= George Clark (cartoonist) =

American cartoonist (1902–1981)

George Rife Clark (August 22, 1902 – May 25, 1981) was an American cartoonist best known for his syndicated cartoon panels The Neighbors and Side Glances. For both, Clark employed a loose, naturalistic drawing style to illustrate minor human foibles and familiar family situations. In the mid-1930s, George Jean Nathan's The American Spectator commented, "Clark, creator of Side Glances, deserves unqualified recognition for a penetrating picture of our middle class."

George Clark and two of his Side Glances panels in 1934.

==Career==
Born in the Oklahoma Territory when it was not yet a state, Clark went to grammar school in Bridgeport, Oklahoma and spent a few years in Bentonville, Arkansas before attending high school in Oklahoma City, followed by study at the Chicago Art Institute.

He began his professional cartoon career with work in The Daily Oklahoman and the Oklahoma News, moving on to the Cleveland Press. Competing against 72 artists, he won the $500 first prize for Community Fund drive with a poster selected for use in 42 American cities. Soon he was doing animation drawings for The Gumps and illustrating for Collier's, Judge, McCall's and Country Gentleman.

He joined the art staff at Newspaper Enterprise Association, where he drew human interest sketches. His Side Glances cartoon became popular when it was syndicated by NEA Service in 1929. During its early years, NEA promoted the panel by highlighting its human interest appeal: "It has been said before of George Clark that 'he combines splendid art ability with the characteristics of a trained reporter.' It is hard to improve on that appraisal. Certainly these intimate little views of humanity he calls Side Glances are a happy blend of keen observation and understanding and of genuine art. They have humor and pathos; often a tear lurks just behind the smile—which, after all, is the way of life."

In 1939, William Galbraith Crawford (who always signed simply "Galbraith") took over Side Glances when Clark switched to the Chicago Tribune-New York Daily News Syndicate to launch The Neighbors.
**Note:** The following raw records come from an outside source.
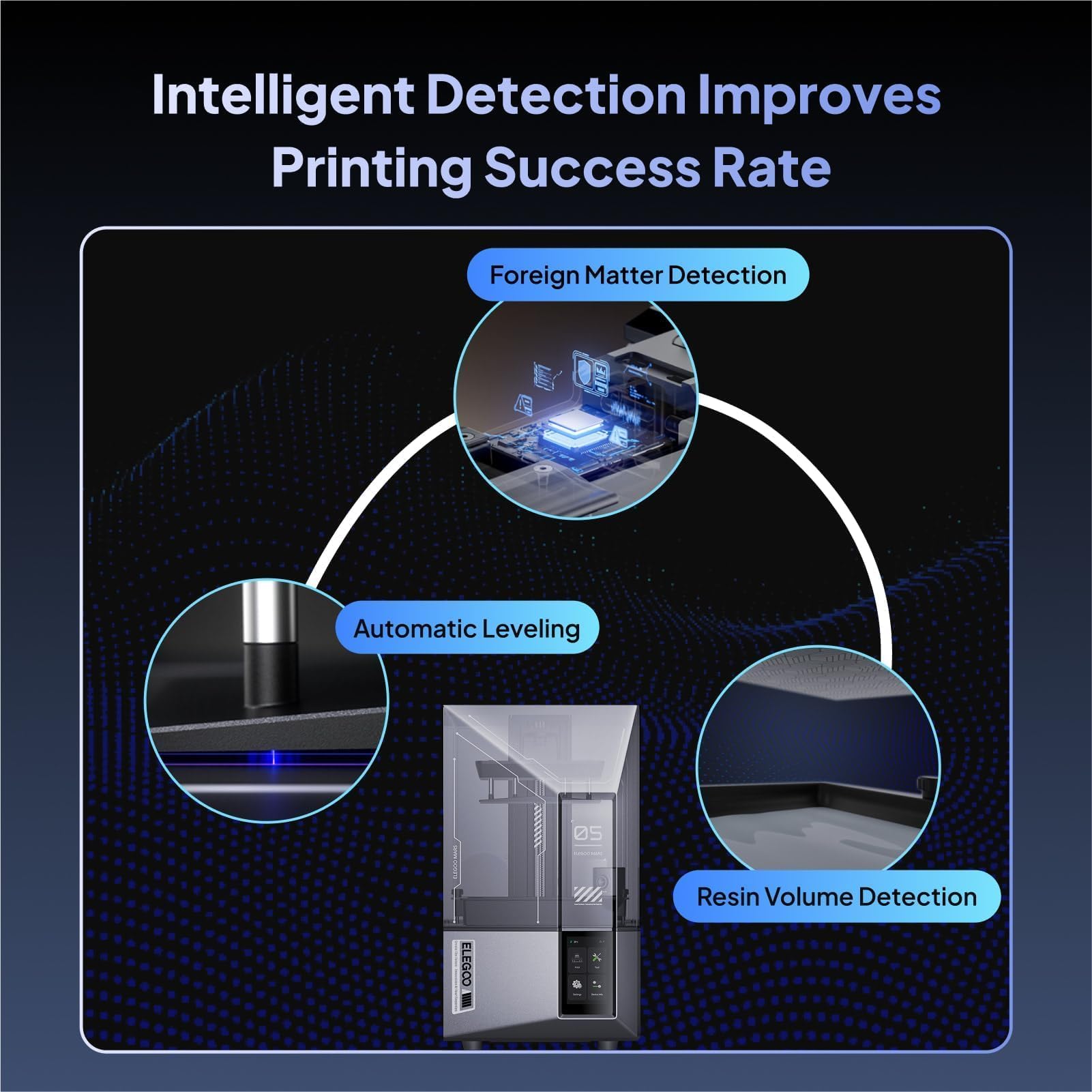 - 【Intelligent Mechanical Sensor】Supports residue detection, and the intelligent mechanical sensor can avoid irreversible damage to the LCD screen. At the same time, it can issue alarms in time for insufficient resin, leveling failure, etc., further ensuring the smooth progress of printing and eliminating various difficulties from the source.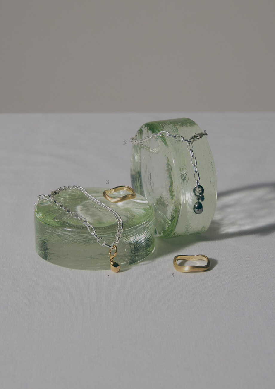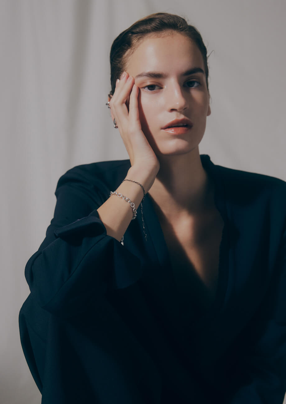 襟にデザインの効いたハンサムなジャケットは、艶やかなシルバーでまとめつつ、ブラックルテニウムコーディングを施したブレスレットでひとさじの遊び心を加えて。分量感のあるチェーンブレスレットを重ねながらも、全体的に丸みを帯びたフォルムのジュエリーを選ぶことで、クールな印象だけに留まらない、鮮度の高いスタイリングに仕上がる。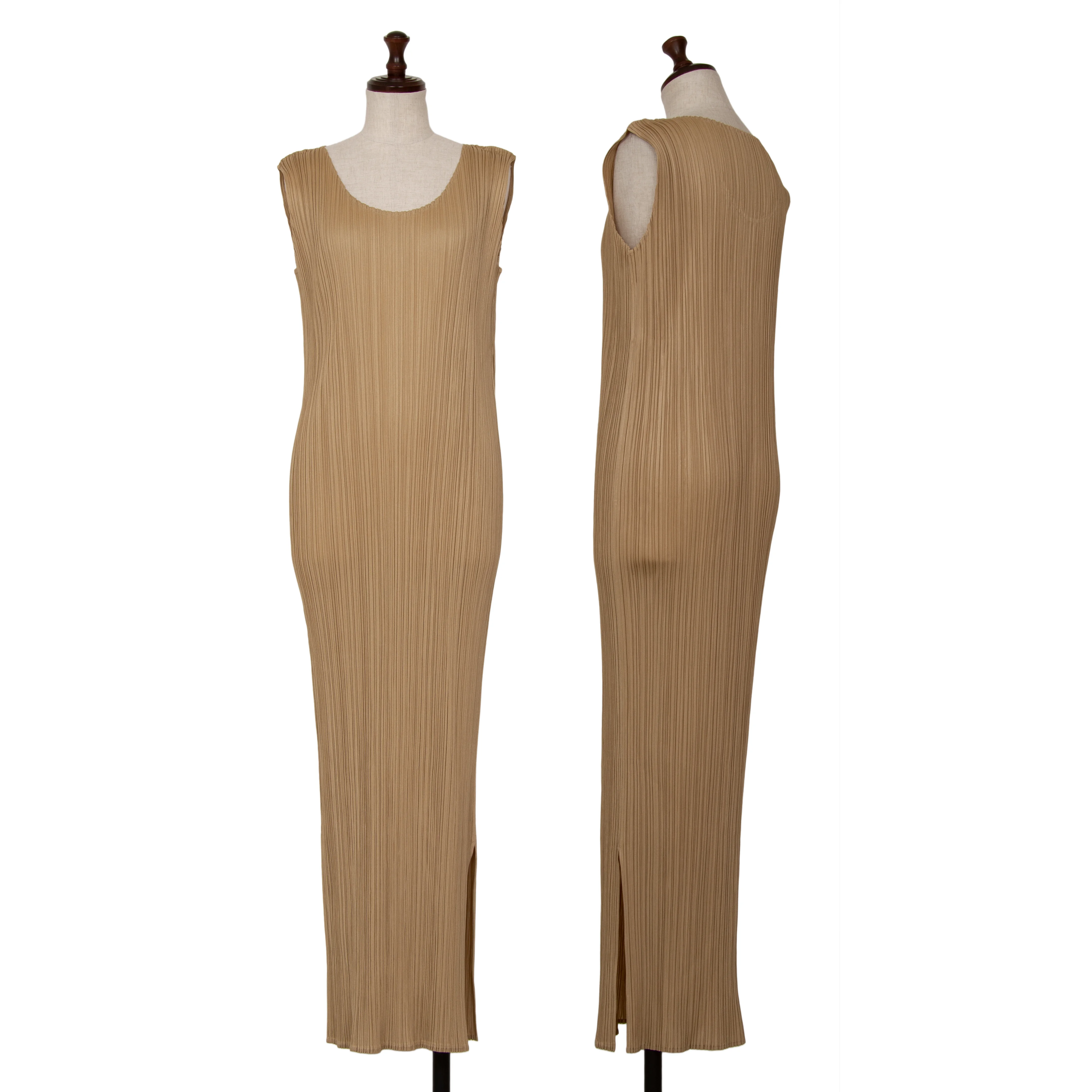 プリーツプリーズPLEATS PLEASE プリーツノースリーブマキシワンピース モカ3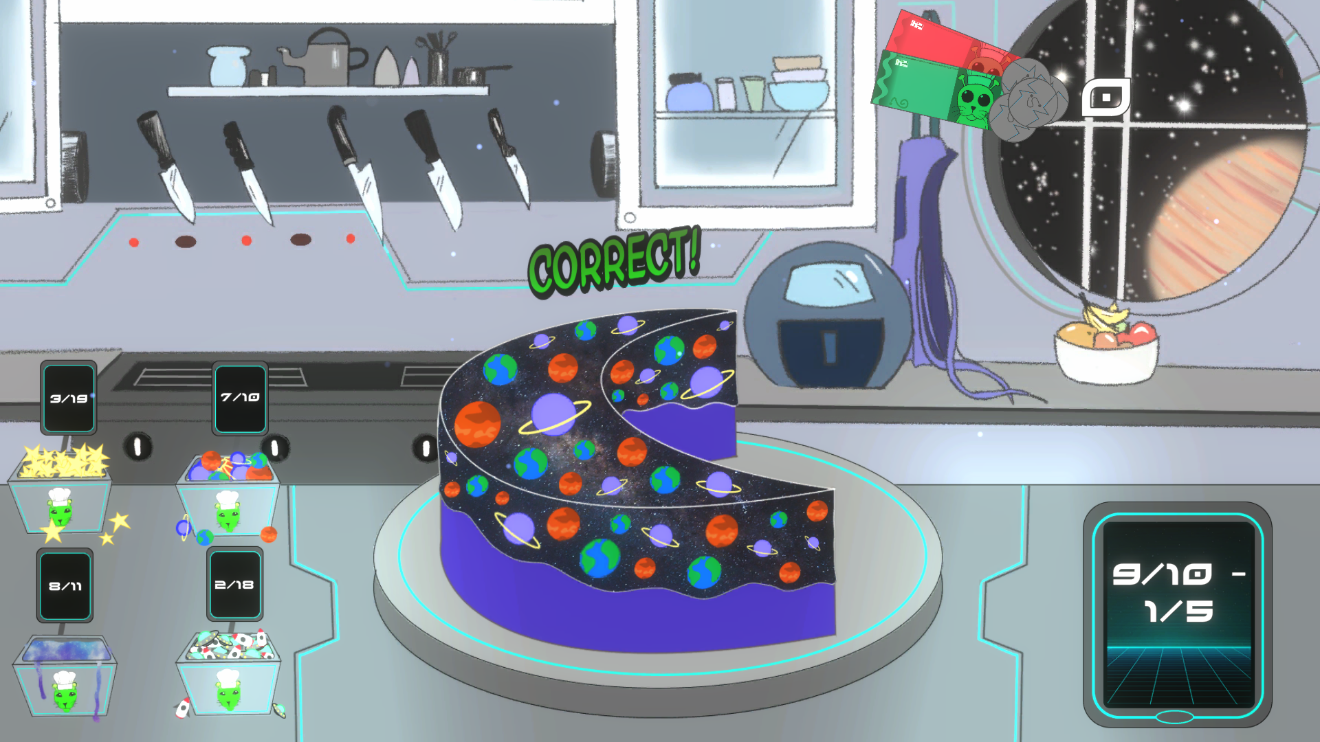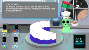 Numerical Num-Nums! is a 2D educational math quiz game, originally created as a teaching tool for students in Brazil. Inspired by Papa's Pizzeria, players help an alien seal (sealien) named Chef Gnarp at his outspace bakery. Customers place orders through fraction problems, and players must choose the correct solution to fulfill orders.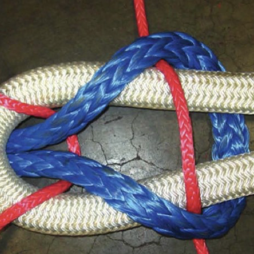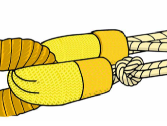 纜繩尾可以使用雙合結直接連接到高模量合成纖維纜繩上。雙合結是一種不使用連接裝置而將兩根纖維繩連接起來的方法。使用后的雙合結可能會變得非常緊,建議在雙合結中加入一段繩頭,有助于將纜繩尾和主纜分開,以便進行更換或檢查。大多數繩頭是由直徑較小的傳統纖維繩做的。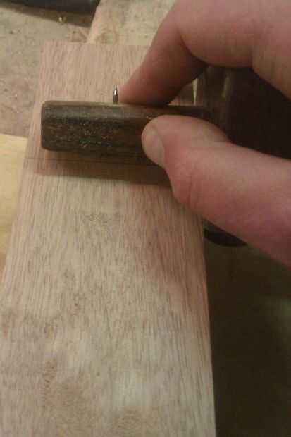 4 agarrar su calibrador de la mortaja y de la parte posterior de cada riel, ejecutar el calibre de las líneas del hombro hasta el final de la madera y el contrahilo y a lo largo hasta llegar a la línea de hombro - hacerlo en todos los carriles y en cada extremo.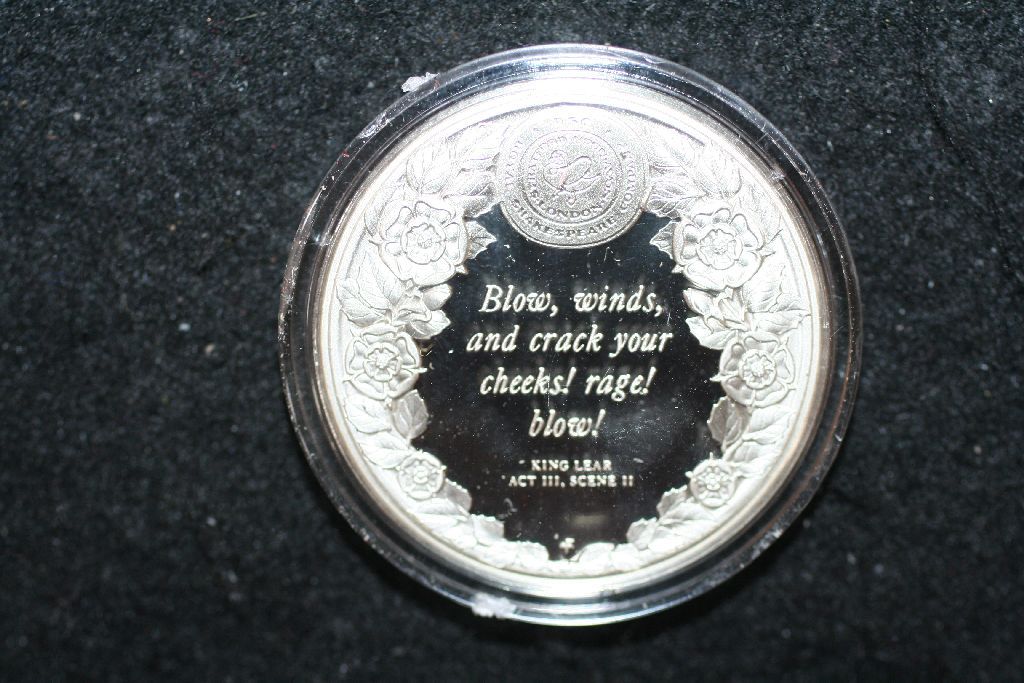 Sterling Silver Centennial Edition Round; Shakespeare Trajedy Medal-King Lear; "Blow, winds, and cra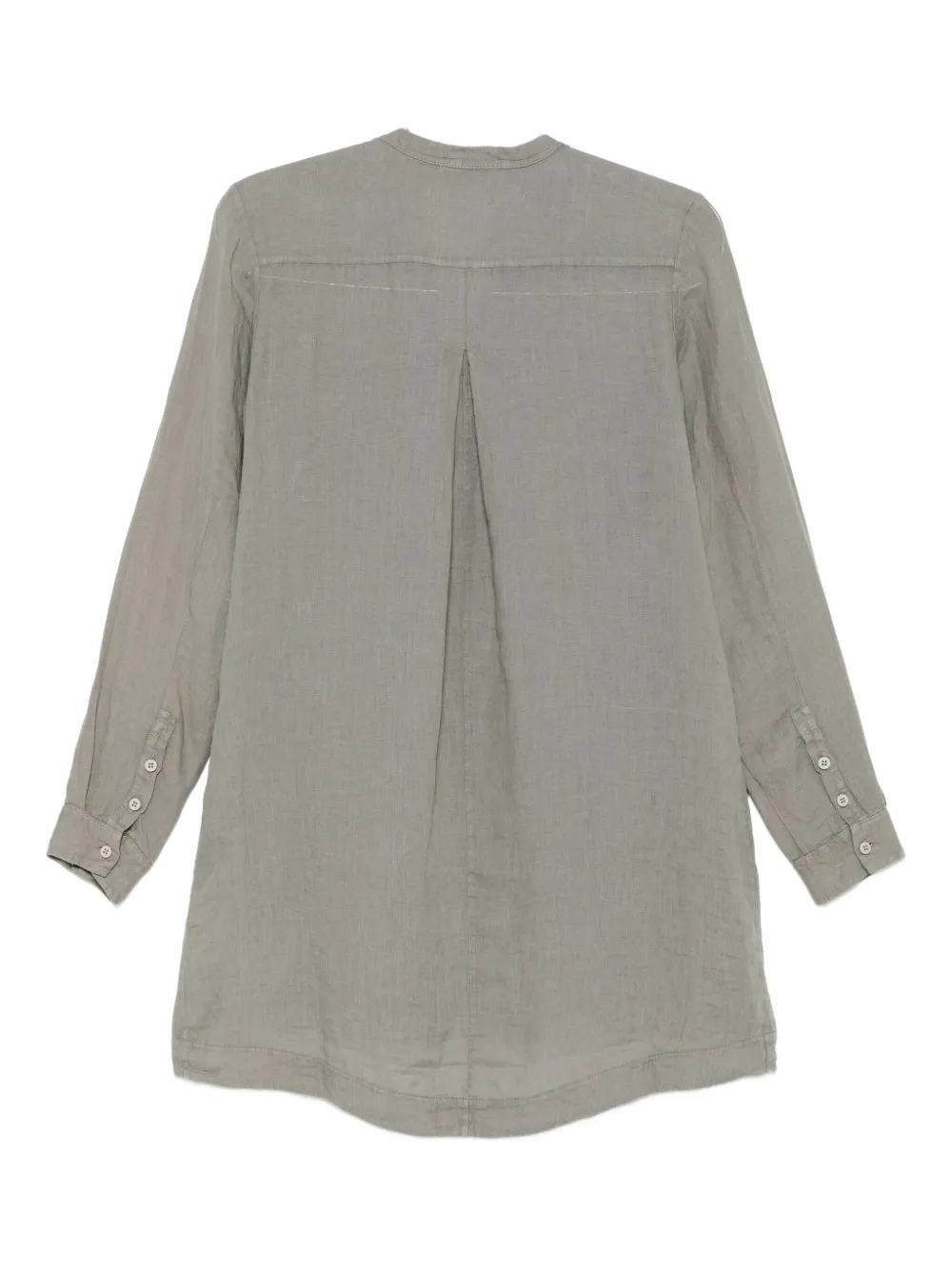 Средне-серый, длинные рукава, потайная застежка на пуговицы спереди, нагрудный карман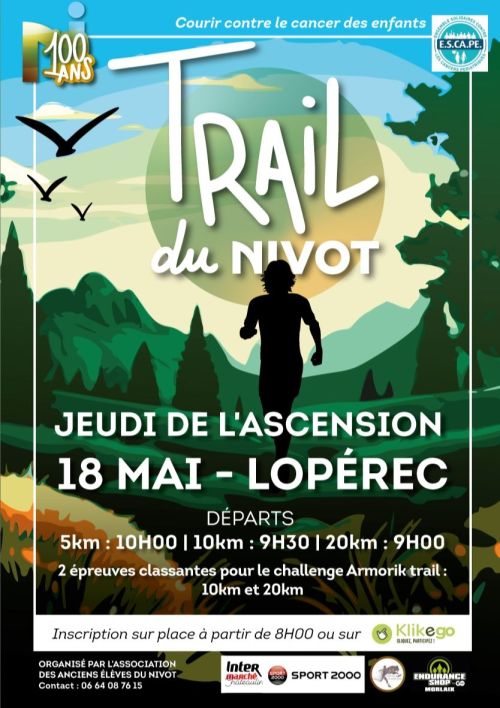Venez plonger au coeur des monts d'arrées dans le prestigieux domaine du NIVOT et ses alentours avec nos 3 circuits de 5,10 et 20 km. Ravitaillement sur le 10km et 20km L'argent récolté lors du Trail sera reversé à l'association ESCAPE de Pont-De-Buis. Cette association récolte des fonds afin de financer la recherche sur le cancer des enfants, soutenir les familles des enfants malades moralement et financièrement et communiquer auprès du grand public sur les cancers pédiatriques.

It was almost identical to Side Glances, continuing to offer essentially the same sort of middle-class family humor. He soon added a Sunday strip, Our Neighbors, the Ripples, a title eventually shortened to The Ripples. The Sunday strip was dropped in 1948, but his daily panel continued until 1971. Stephen Becker (Comic Art in America) commented, "He has never attempted to induce the belly laugh; he feels that a gently humorous reminder of something that has probably happened to his reader will suffice."

==Awards and exhibitions==
He received the National Cartoonists Society's Newspaper Panel Cartoon Award in 1961. At the NCS site, a computer glitch or clerical error has mistakenly positioned a biography billboard for another artist named Clark in George Clark's niche.

In 1972, Clark's work was included in the Brooklyn Museum's "A Century of American Illustration" exhibition.

Clark died May 25, 1981, and was buried in Saint Charles Cemetery on Long Island, New York.